• [EXERCISE DATA]:
********

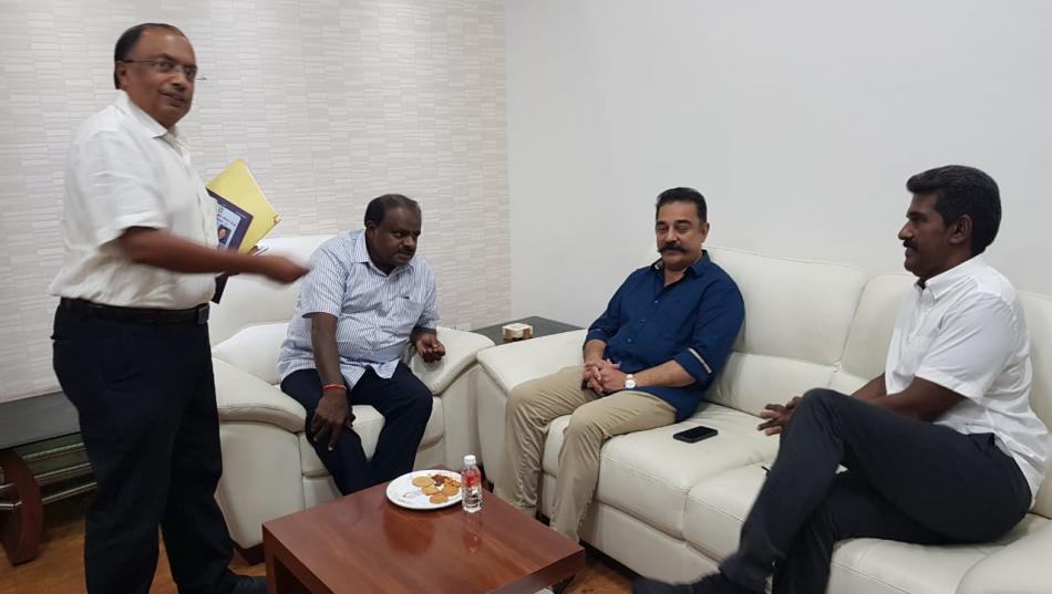 மக்கள் நீதி மய்யத்தின் தலைவர் கமல்ஹாசன் இன்று, கர்நாடக முதலமைச்சர் குமாரசாமியை சந்தித்து பேசினார்.
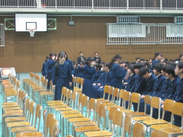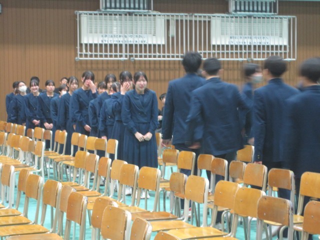 退場時に泣いている3年生が何人もいました。リハーサルで泣くのは、なかなかないことです。すばらしい!明日の本番がますます楽しみです。午後は準備です。在校生の皆さん、心のこもった準備をお願いしますね。
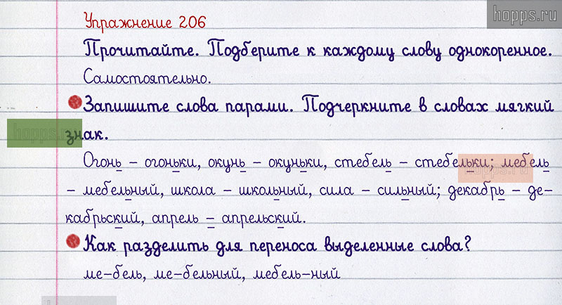 Подробные ответы к 206 упражнению 1 части учебника по русскому языку авторов В.П. Канакина, В.Г. Горецкий для учащихся 2 класса. Мягкий знак (Ь).
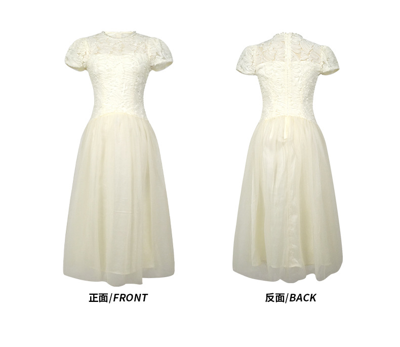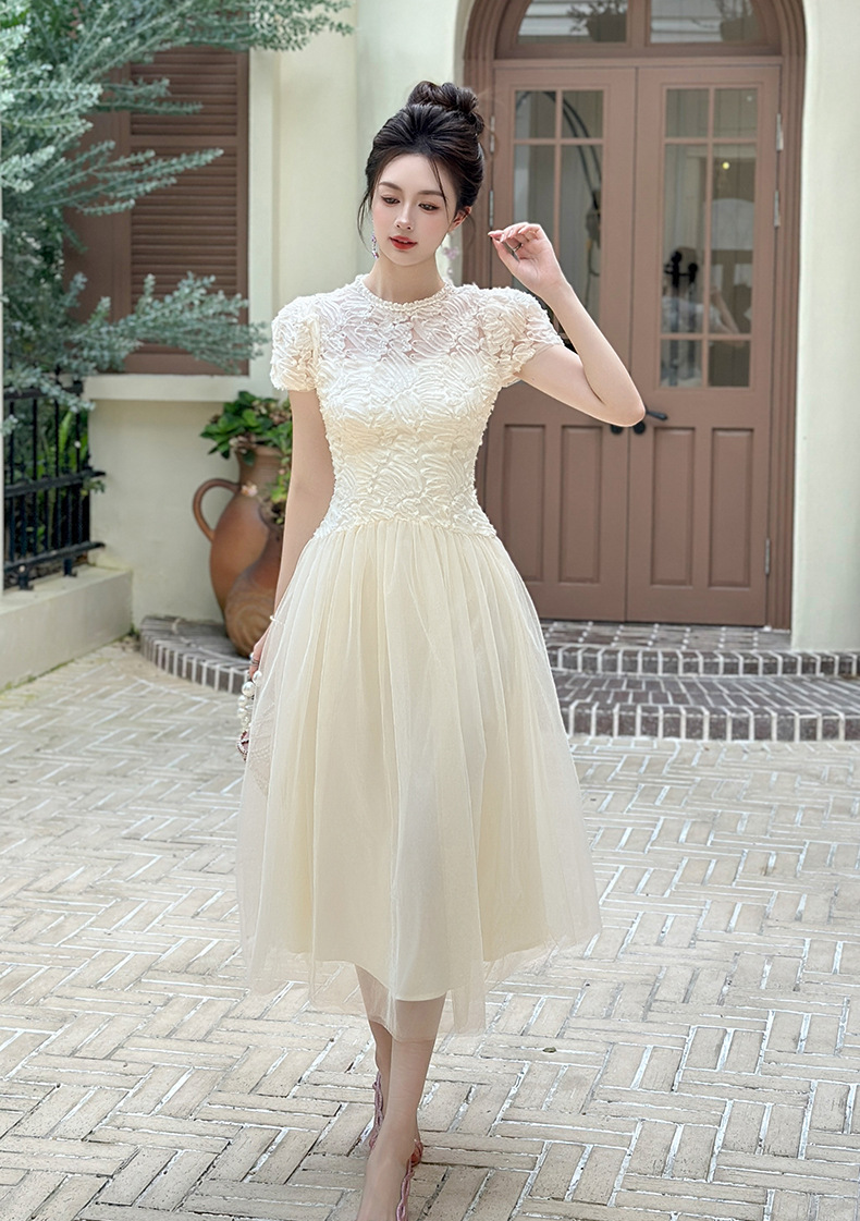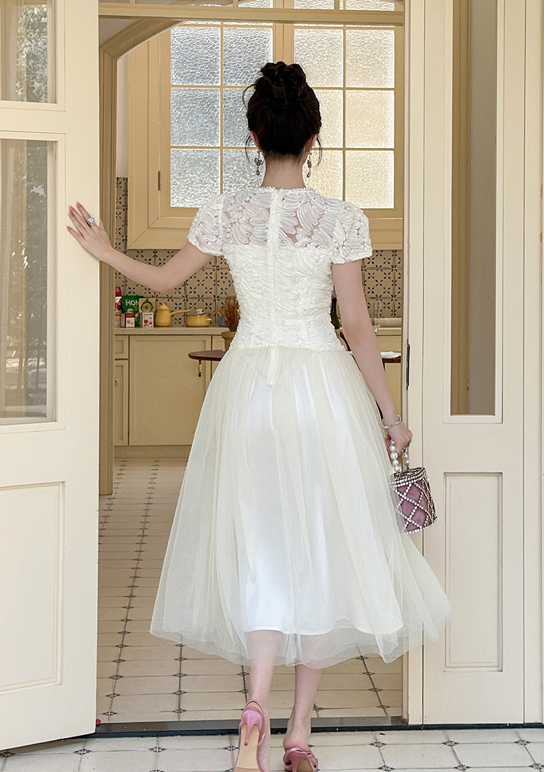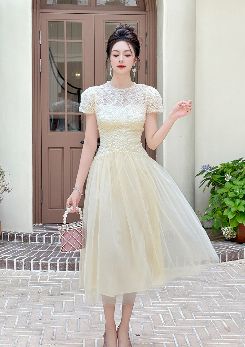C-4282# 2025夏季新款女装法式重工蕾丝拼接收腰网纱仙女长款连衣裙15416

********

• [WHAT TO DO]:
Leaving out only the pictures, return the material above unchanged.

• [EXERCISE OUTPUT]:
 மக்கள் நீதி மய்யத்தின் தலைவர் கமல்ஹாசன் இன்று, கர்நாடக முதலமைச்சர் குமாரசாமியை சந்தித்து பேசினார்.
 退場時に泣いている3年生が何人もいました。リハーサルで泣くのは、なかなかないことです。すばらしい!明日の本番がますます楽しみです。午後は準備です。在校生の皆さん、心のこもった準備をお願いしますね。
 Подробные ответы к 206 упражнению 1 части учебника по русскому языку авторов В.П. Канакина, В.Г. Горецкий для учащихся 2 класса. Мягкий знак (Ь).
C-4282# 2025夏季新款女装法式重工蕾丝拼接收腰网纱仙女长款连衣裙15416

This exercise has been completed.